--- What needs to be done ---
Without copying any picture, return all lines below exactly.

--- Recorded data ---
BEGIN

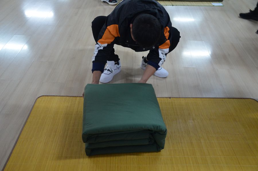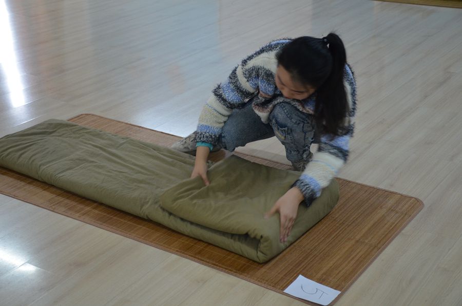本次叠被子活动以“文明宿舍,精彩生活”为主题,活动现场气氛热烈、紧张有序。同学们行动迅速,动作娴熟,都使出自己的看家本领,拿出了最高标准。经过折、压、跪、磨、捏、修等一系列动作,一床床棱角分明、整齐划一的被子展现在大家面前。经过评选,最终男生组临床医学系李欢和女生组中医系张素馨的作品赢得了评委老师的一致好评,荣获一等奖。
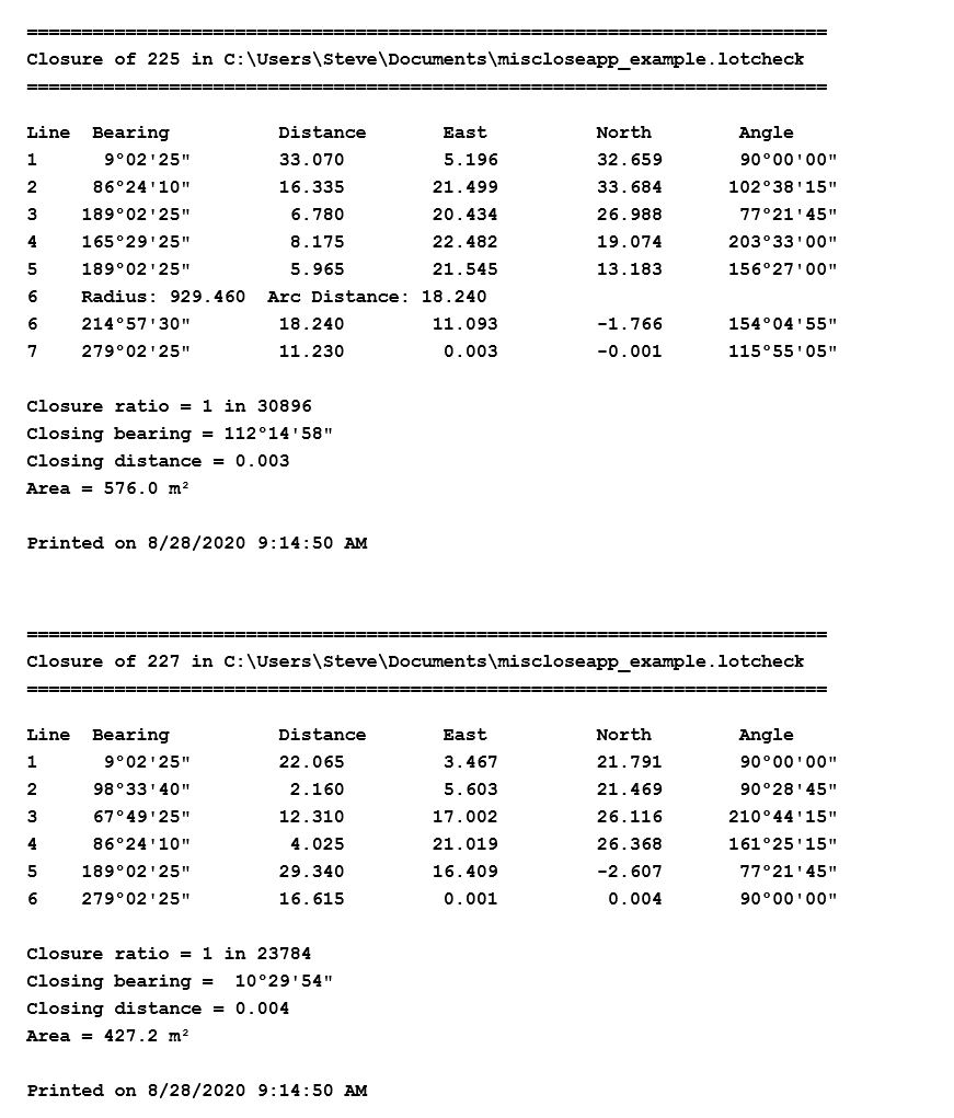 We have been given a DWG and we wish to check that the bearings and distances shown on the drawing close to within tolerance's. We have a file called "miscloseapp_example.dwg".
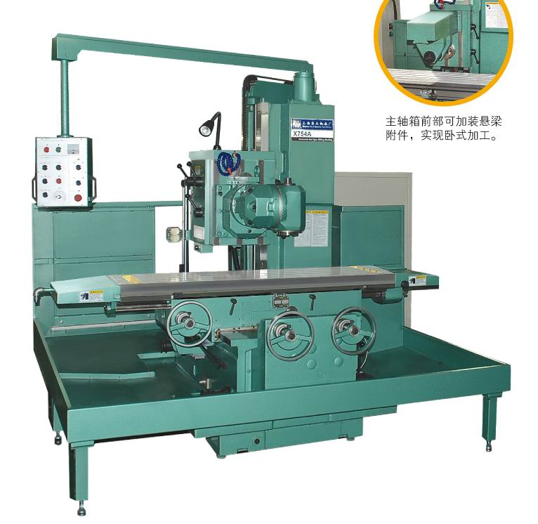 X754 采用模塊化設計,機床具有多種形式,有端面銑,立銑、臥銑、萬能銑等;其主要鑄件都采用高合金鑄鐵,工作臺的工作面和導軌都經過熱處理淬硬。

END

--- Written answer ---
本次叠被子活动以“文明宿舍,精彩生活”为主题,活动现场气氛热烈、紧张有序。同学们行动迅速,动作娴熟,都使出自己的看家本领,拿出了最高标准。经过折、压、跪、磨、捏、修等一系列动作,一床床棱角分明、整齐划一的被子展现在大家面前。经过评选,最终男生组临床医学系李欢和女生组中医系张素馨的作品赢得了评委老师的一致好评,荣获一等奖。
 We have been given a DWG and we wish to check that the bearings and distances shown on the drawing close to within tolerance's. We have a file called "miscloseapp_example.dwg".
 X754 采用模塊化設計,機床具有多種形式,有端面銑,立銑、臥銑、萬能銑等;其主要鑄件都采用高合金鑄鐵,工作臺的工作面和導軌都經過熱處理淬硬。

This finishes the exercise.